# Problem requirements
Of the entries below, return exactly those lines that fall between the one containing "ice must be" and the one containing "- حماية تامة: تصميم", the two end lines included.

___ Provided entries ___

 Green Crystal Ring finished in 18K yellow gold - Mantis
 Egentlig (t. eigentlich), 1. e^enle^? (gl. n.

___
___ Provided entries ___

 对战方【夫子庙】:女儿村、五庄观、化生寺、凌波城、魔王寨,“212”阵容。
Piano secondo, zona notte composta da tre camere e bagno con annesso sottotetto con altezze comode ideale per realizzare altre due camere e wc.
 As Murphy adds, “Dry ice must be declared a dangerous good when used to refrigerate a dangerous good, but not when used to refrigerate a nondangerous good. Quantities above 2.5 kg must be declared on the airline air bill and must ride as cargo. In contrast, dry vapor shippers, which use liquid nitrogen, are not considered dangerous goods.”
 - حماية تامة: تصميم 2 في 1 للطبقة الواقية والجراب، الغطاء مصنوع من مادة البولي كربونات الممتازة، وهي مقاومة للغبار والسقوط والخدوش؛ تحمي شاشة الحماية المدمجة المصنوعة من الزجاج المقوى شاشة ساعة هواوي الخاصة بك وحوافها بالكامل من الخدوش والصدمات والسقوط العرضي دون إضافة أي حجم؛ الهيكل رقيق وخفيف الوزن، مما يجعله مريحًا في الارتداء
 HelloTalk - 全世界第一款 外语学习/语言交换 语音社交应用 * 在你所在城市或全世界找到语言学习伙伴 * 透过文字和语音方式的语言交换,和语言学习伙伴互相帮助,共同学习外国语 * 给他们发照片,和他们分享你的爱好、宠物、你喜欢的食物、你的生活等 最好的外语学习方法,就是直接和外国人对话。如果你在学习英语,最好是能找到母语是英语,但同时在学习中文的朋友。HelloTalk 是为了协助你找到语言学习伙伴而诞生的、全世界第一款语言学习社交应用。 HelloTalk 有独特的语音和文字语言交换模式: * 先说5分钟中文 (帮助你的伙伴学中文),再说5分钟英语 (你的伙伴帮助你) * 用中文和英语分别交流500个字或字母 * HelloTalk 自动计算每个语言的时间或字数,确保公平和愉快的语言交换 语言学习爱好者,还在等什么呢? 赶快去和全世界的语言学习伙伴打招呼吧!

___

# Task output
 As Murphy adds, “Dry ice must be declared a dangerous good when used to refrigerate a dangerous good, but not when used to refrigerate a nondangerous good. Quantities above 2.5 kg must be declared on the airline air bill and must ride as cargo. In contrast, dry vapor shippers, which use liquid nitrogen, are not considered dangerous goods.”
 - حماية تامة: تصميم 2 في 1 للطبقة الواقية والجراب، الغطاء مصنوع من مادة البولي كربونات الممتازة، وهي مقاومة للغبار والسقوط والخدوش؛ تحمي شاشة الحماية المدمجة المصنوعة من الزجاج المقوى شاشة ساعة هواوي الخاصة بك وحوافها بالكامل من الخدوش والصدمات والسقوط العرضي دون إضافة أي حجم؛ الهيكل رقيق وخفيف الوزن، مما يجعله مريحًا في الارتداء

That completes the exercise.